The reality is that privsep was always going to be a process. It's taken more than 80 patches to get close to removing rootwrap. There are other advantages to removing rootwrap, mainly around performance, the integration of library code, and general non-bonkersness (cat to tee to write to a file as root), etc. There is president in the code to mark calls as undesirable, and others could be marked like that as well, but ultimately someone needs to do an audit and fix things... That's more than one person can reasonably do. So, who wants to help try and improve this? Patches welcome. Michael On Fri., 29 Mar. 2019, 10:26 pm Matthew Booth, <mbooth@redhat.com> wrote:
Privsep is intended to provide some security in depth. The idea is based on the principal of least privilege. We assume that an attacker has exploited some bug in Nova and is able to execute arbitrary code. If privsep is doing its job, the attacker should at least not be able to perform any privileged operations which Nova does not normally perform.
For developers, from the spec[1]:
"The intention is to allow slightly more code into the privileged portion - enough that we now have sufficient “context” to make better security decisions. For example move from “run chown” to “take ownership of VM output file”."
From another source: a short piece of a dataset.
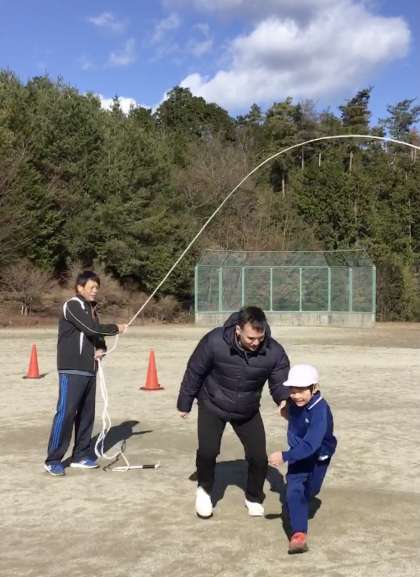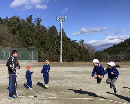 1・2年生が体育の学習で大縄跳びを行いました。1年生も2年生に教えてもらい、少しずつタイミングよく跳べるようになってきました。最後は、2人で同時跳びに挑戦。声を掛け合い、息を合わせて跳んでいました。

Unfortunately, I suspect out of expediency in the initial forklift from rootwrap, we've lost this critical principal of moving security-critical logic into privsep itself. Consequently, a brief and non-exhaustive audit reveals we have privsep functions to do the following:
fs.py:
* mount anything of any type, including remote storage, anywhere. * unmount anything * shred any file or block device, without restriction
path.py:
* read any file or block device, without restriction * overwrite any existing file or block device
utils.py:
* send any signal to any process
Just the existence of these methods in nova's privsep module essentially gives the unprivileged nova process unfettered root access, which entirely defeats the purpose of privsep. As it stands today, privsep gives us literally nothing. I suspect that it's worse than rootwrap, in fact. If privsep protection is something we want, we need to do 2 things:
1. Immediately stop adding or using generic privsep functions. 2. Audit privsep properly for problematic methods, and remove them.
For example, in libvirt.driver.get_console_output() we do nova.privsep.path.writefile(console_log, 'a+', data). Instead, we should have, eg, nova.privsep.libvirt.ensure_console_log_for_instance(instance). This would determine the instance path from its own secure config (see [1] again), and touch that file.
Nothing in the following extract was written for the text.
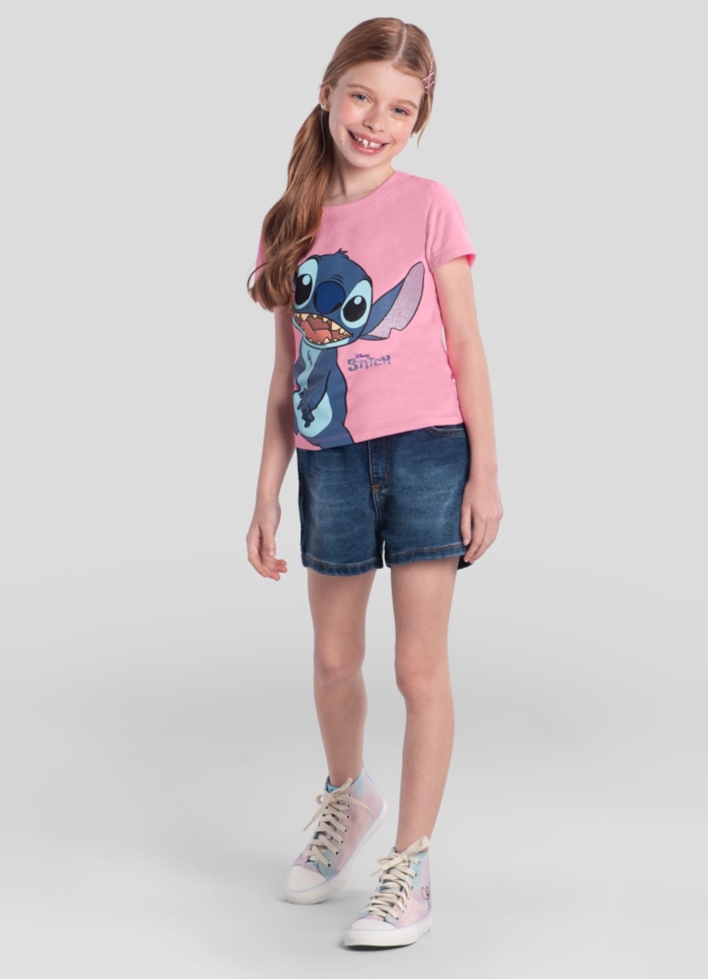 Blusa Infantil Stitch Rosa Brandili Disney

We should probably also compile a list of privsep anti-patterns if there isn't one already to make life simpler for reviewers. For example, I suggest that no privsep function should take as an argument a path, or any other reference to a system resource; it should determine these itself.
I view this as essentially a continuation of the privsep forklift. As with all such large mechanical changes I expect this to be disruptive and unloved by reviewers. Is it something we'd be prepared to prioritise?